Referring now to FIG. 8, a perspective view of a female half of a riser connector 310 is shown with tension band 276, actuating screw 314 engaging axle 316, wheel 318, clamp segment 320, torque reaction hole 322, choke fitting hole 324, kill fitting hole 326, vertical access holes 328 and 330, test receptacle 332, test fitting 334, low pressure test connections 336 and high-pressure test connections 338 (to a choke or kill fitting which is not shown).

Referring now to FIG. 9, a perspective view of riser connector 310 similar to FIG. 8 is shown except test fitting 334 is now installed in test receptacle 332. It will be noted that the handle 340 portion of the test receptacle 342 is moved to a rear position.

Referring now to FIG. 10 which is a top view of FIG. 9 without the test plug, clamp segments 350, 352, and 354 are shown as well as clamp segment 320, and showing that clamp segment 320 bridges the gap 356 between the ends of the tension band 276 and shows low pressure test connection 358 and high-pressure test connection 360.

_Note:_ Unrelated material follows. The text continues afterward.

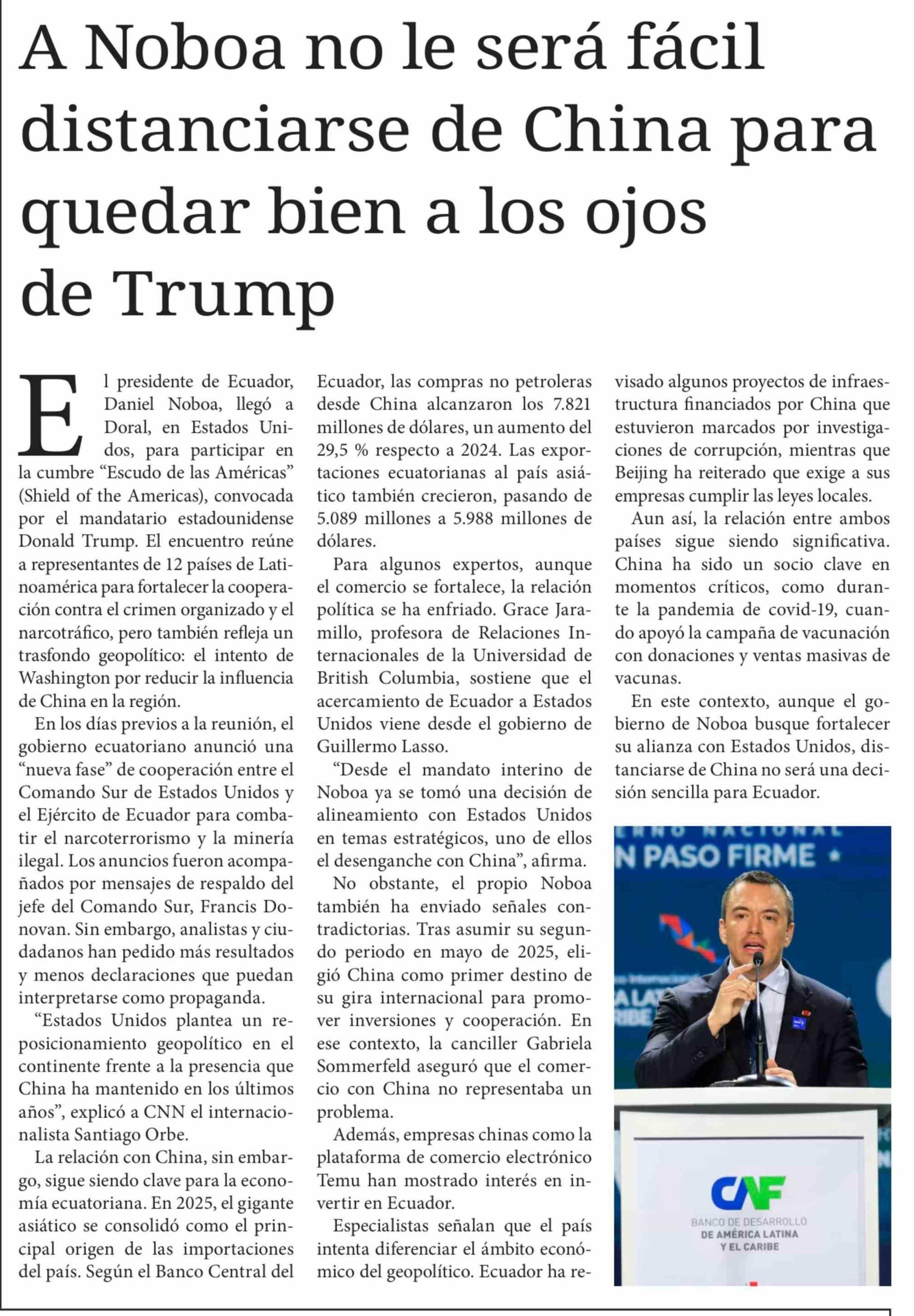 A Noboa no le será fácil distanciarse de China para quedar bien a los ojos de Trump 08-03-2026 Diario Chañarcillo |

Referring now to FIG. 11 is a view of FIG. 10 taken along lines “11-11” showing that in addition to the clamp segments being arranged to bridge the gap in the tension band 276, wheels 318, 372, 374 and 376 are added to axle 316 to further minimize the high frictional forces associated with the end of tension bands like 276. Low pressure test connection is shown on the central riser as the test pressure will be in the range of 1000-3000 p.s.i. and high-pressure test connection 360 is shown on choke or kill connection 380 as the test pressure will be 20,000 p.s.i., which would crush the central riser pipe. The choke or kill connection 380 is retained in flange 382 whereas the other end of each section of choke or kill pipe 384 is retained by flange 386. Flotation 388 for riser joints and rig floor riser support dogs 390 are shown.

The particular embodiments disclosed above are illustrative only, as the invention may be modified and practiced in different but equivalent manners apparent to those skilled in the art having the benefit of the teachings herein. Furthermore, no limitations are intended to the details of construction or design herein shown, other than as described in the claims below. It is therefore evident that the particular embodiments disclosed above may be altered or modified and all such variations are considered within the scope and spirit of the invention. Accordingly, the protection sought herein is as set forth in the claims below.